AIM OF THE EXERCISE: The data should be duplicated exactly, with every word kept as it is.

EXCERPTED DATA:

'''

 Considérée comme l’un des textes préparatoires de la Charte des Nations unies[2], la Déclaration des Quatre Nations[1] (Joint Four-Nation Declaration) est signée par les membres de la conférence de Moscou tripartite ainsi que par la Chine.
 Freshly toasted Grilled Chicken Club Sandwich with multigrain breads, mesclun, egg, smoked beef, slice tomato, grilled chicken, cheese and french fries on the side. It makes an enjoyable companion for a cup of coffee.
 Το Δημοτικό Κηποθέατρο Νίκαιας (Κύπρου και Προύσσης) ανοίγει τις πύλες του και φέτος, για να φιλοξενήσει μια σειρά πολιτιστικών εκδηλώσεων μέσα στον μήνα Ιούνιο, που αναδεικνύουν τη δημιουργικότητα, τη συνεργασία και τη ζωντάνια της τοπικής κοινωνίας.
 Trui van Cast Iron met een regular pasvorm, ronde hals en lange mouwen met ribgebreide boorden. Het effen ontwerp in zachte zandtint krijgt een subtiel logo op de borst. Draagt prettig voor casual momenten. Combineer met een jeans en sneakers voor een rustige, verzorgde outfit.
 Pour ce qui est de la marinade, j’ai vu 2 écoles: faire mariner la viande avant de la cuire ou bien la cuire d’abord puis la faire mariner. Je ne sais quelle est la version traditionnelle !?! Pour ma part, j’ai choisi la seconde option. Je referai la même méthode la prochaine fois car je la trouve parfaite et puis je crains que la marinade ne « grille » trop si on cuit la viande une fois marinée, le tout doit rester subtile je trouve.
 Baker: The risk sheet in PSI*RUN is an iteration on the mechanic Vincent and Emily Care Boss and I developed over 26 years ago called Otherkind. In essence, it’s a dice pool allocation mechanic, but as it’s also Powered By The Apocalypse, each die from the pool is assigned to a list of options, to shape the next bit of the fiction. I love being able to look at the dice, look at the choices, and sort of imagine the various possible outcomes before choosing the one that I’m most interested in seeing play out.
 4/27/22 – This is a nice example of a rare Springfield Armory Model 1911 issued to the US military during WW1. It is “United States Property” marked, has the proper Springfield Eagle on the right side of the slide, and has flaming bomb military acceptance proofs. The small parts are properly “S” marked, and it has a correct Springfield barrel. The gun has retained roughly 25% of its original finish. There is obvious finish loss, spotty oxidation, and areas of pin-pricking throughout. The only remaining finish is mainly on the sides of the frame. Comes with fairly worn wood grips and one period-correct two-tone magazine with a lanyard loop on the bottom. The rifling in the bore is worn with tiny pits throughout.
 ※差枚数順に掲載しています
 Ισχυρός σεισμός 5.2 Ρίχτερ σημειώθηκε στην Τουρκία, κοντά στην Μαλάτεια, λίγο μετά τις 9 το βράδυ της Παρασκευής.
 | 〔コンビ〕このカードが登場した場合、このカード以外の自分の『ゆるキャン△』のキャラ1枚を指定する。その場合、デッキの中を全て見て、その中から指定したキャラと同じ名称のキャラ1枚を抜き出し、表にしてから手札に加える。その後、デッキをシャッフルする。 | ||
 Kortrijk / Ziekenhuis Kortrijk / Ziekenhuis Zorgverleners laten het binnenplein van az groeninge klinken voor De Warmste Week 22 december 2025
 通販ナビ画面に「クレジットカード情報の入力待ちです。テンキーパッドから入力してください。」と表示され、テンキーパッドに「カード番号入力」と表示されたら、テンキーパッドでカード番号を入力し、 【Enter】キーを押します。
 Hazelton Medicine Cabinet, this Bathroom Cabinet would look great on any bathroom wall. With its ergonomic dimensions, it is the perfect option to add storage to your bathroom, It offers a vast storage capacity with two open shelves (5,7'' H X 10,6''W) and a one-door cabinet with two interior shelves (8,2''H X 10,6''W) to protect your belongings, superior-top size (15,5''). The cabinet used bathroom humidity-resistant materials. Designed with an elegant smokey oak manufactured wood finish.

'''

ANSWER SECTION:
 Considérée comme l’un des textes préparatoires de la Charte des Nations unies[2], la Déclaration des Quatre Nations[1] (Joint Four-Nation Declaration) est signée par les membres de la conférence de Moscou tripartite ainsi que par la Chine.
 Freshly toasted Grilled Chicken Club Sandwich with multigrain breads, mesclun, egg, smoked beef, slice tomato, grilled chicken, cheese and french fries on the side. It makes an enjoyable companion for a cup of coffee.
 Το Δημοτικό Κηποθέατρο Νίκαιας (Κύπρου και Προύσσης) ανοίγει τις πύλες του και φέτος, για να φιλοξενήσει μια σειρά πολιτιστικών εκδηλώσεων μέσα στον μήνα Ιούνιο, που αναδεικνύουν τη δημιουργικότητα, τη συνεργασία και τη ζωντάνια της τοπικής κοινωνίας.
 Trui van Cast Iron met een regular pasvorm, ronde hals en lange mouwen met ribgebreide boorden. Het effen ontwerp in zachte zandtint krijgt een subtiel logo op de borst. Draagt prettig voor casual momenten. Combineer met een jeans en sneakers voor een rustige, verzorgde outfit.
 Pour ce qui est de la marinade, j’ai vu 2 écoles: faire mariner la viande avant de la cuire ou bien la cuire d’abord puis la faire mariner. Je ne sais quelle est la version traditionnelle !?! Pour ma part, j’ai choisi la seconde option. Je referai la même méthode la prochaine fois car je la trouve parfaite et puis je crains que la marinade ne « grille » trop si on cuit la viande une fois marinée, le tout doit rester subtile je trouve.
 Baker: The risk sheet in PSI*RUN is an iteration on the mechanic Vincent and Emily Care Boss and I developed over 26 years ago called Otherkind. In essence, it’s a dice pool allocation mechanic, but as it’s also Powered By The Apocalypse, each die from the pool is assigned to a list of options, to shape the next bit of the fiction. I love being able to look at the dice, look at the choices, and sort of imagine the various possible outcomes before choosing the one that I’m most interested in seeing play out.
 4/27/22 – This is a nice example of a rare Springfield Armory Model 1911 issued to the US military during WW1. It is “United States Property” marked, has the proper Springfield Eagle on the right side of the slide, and has flaming bomb military acceptance proofs. The small parts are properly “S” marked, and it has a correct Springfield barrel. The gun has retained roughly 25% of its original finish. There is obvious finish loss, spotty oxidation, and areas of pin-pricking throughout. The only remaining finish is mainly on the sides of the frame. Comes with fairly worn wood grips and one period-correct two-tone magazine with a lanyard loop on the bottom. The rifling in the bore is worn with tiny pits throughout.
 ※差枚数順に掲載しています
 Ισχυρός σεισμός 5.2 Ρίχτερ σημειώθηκε στην Τουρκία, κοντά στην Μαλάτεια, λίγο μετά τις 9 το βράδυ της Παρασκευής.
 | 〔コンビ〕このカードが登場した場合、このカード以外の自分の『ゆるキャン△』のキャラ1枚を指定する。その場合、デッキの中を全て見て、その中から指定したキャラと同じ名称のキャラ1枚を抜き出し、表にしてから手札に加える。その後、デッキをシャッフルする。 | ||
 Kortrijk / Ziekenhuis Kortrijk / Ziekenhuis Zorgverleners laten het binnenplein van az groeninge klinken voor De Warmste Week 22 december 2025
 通販ナビ画面に「クレジットカード情報の入力待ちです。テンキーパッドから入力してください。」と表示され、テンキーパッドに「カード番号入力」と表示されたら、テンキーパッドでカード番号を入力し、 【Enter】キーを押します。
 Hazelton Medicine Cabinet, this Bathroom Cabinet would look great on any bathroom wall. With its ergonomic dimensions, it is the perfect option to add storage to your bathroom, It offers a vast storage capacity with two open shelves (5,7'' H X 10,6''W) and a one-door cabinet with two interior shelves (8,2''H X 10,6''W) to protect your belongings, superior-top size (15,5''). The cabinet used bathroom humidity-resistant materials. Designed with an elegant smokey oak manufactured wood finish.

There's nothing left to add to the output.